Bundesliga-Debüt: Mit 36 Jahren feierte Hastenbecks Ex-Torhüterin Kristina Schnüll überraschend ihr Bundesliga-Debüt, weil sich Sindelfingens starke Torfrau und Kapitänin Simone Holder bei der 0:5-Pleite in Freiburg kurz vor Schluss am Knöchel verletzte. Bitter: 30 Sekunden nach ihrer Einwechslung musste Schnüll hinter sich greifen und den Ball aus dem Netz holen. In Essen stand die gebürtige Hamelnerin, die 1998 unter anderem mit Sabine Thimm, Claudia Bubat, Martina Genge und Nicole Tappe die Niedersachsenmeisterschaft mit dem SV Hastenbeck gewann und jetzt in Schwaikheim vor den Toren Stuttgarts lebt, am vergangenen Bundesliga-Spieltag sogar 90 Minuten zwischen den Pfosten. Doch nach der deftigen 0:8-Pleite war die Enttäuschung groß.

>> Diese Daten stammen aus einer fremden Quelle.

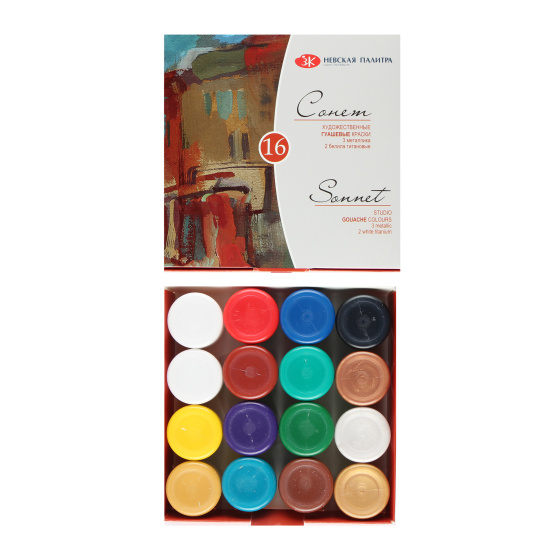 Гуашь художественная, 20 мл, цвет 16 цветов, картонная коробка, Сонет, Невская палитра

Fanliebling „Buchti“: Fleißig Autogramme schreiben musste St.-Pauli-Profi Christopher Buchtmann bei seinem Heimspiel in Aerzen. Seine Unterschrift war insbesondere bei den jüngsten Fußball-Fans so heiß begehrt, dass „Buchti“ für seinen Weg in die Kabine eine gefühlte Ewigkeit brauchte. Doch der Ex-Aerzener genoss das Bad in der Menge. Die Heimreise nach Hamburg traten die Kiezkicker übrigens ohne Buchtmann an, der von seinem Trainer Michael Frontzeck nach dem Spiel das O.K. bekam, noch bei seiner Familie, die in Aerzen lebt, zu bleiben.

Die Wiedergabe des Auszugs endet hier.